如果覺得今天的內容對你有啟發,彆忘了點讚支援,也可以在評論區分享你的思考題答案。下節課我們會繼續解讀《一日浮生》的第二個案例,聊聊“遺憾”與“和解”,想知道亞隆如何幫助來訪者走出“過去的遺憾”嗎?記得催更,我們下期課堂見!
《一日浮生》課堂解讀內容總結:
該內容以課堂授課形式,圍繞歐文·亞隆《一日浮生》中“見證”主題的案例展開,探討如何對抗“無意義感”,融入心理學、易經與哲學原理。
課堂開篇,教授指出當下不同人群的“無意義感”困境:成年人工作後因找不到生活在意義體係中的位置而空虛,青少年也有類似困惑,AI興起更讓人們覺得自身價值在其高效生產前黯然失色。隨後引入《一日浮生》,介紹該書是亞隆80歲時所著真實案例集,亞隆作為存在主義與團體心理治療領域權威,在書中與來訪者探尋生命終極問題,此次聚焦首個關鍵詞“見證”。
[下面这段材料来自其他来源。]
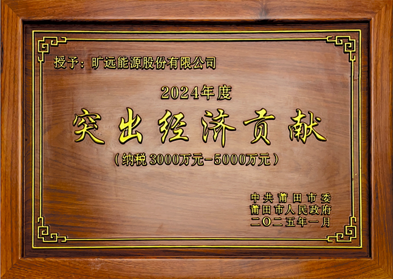 2025年1月 曠遠(yuǎn)能源股份有限公司被中共莆田市委、莆田市人民政府授予“2024年度突出經(jīng)濟(jì)貢獻(xiàn)(納稅3000萬元-5000萬元)”榮譽(yù)

課堂對話環節,教授講述84歲老人保羅的故事:保羅一生未獲學位、無成型作品,從攻讀完普林斯頓哲學博士(研究尼采)轉攻文學,再到任圖書管理員,始終未完成相關創作。他找亞隆並非解決寫作障礙,而是讓其讀自己與已故導師穆勒教授幾十年的通訊。亞隆起初不解,後明白保羅是尋求“見證”——證明自己為尼采研究付出的心血並非徒勞。
教授進一步拆解原理:心理學上,這符合存在主義心理學的“存在性見證”,人麵對死亡焦慮時渴望存在被看見;易經中“乾卦”的“天行健,君子以自強不息”,對應保羅雖無成果卻未停止探索的過程;哲學上,薩特“存在先於本質”理論,說明保羅通過探索尼采的行動創造了人生意義。亞隆對保羅通訊的積極反饋,讓保羅感受到被認可,消解了“一事無成”的遺憾。
課堂總結提出核心觀點:生命意義不僅在“結果”,更在“過程”被看見、被見證。結尾留下思考題,詢問學生過去一年“無結果卻有意義”的事及見證情況,並呼籲點讚、催更,預告下節課將解讀“遺憾與和解”主題案例。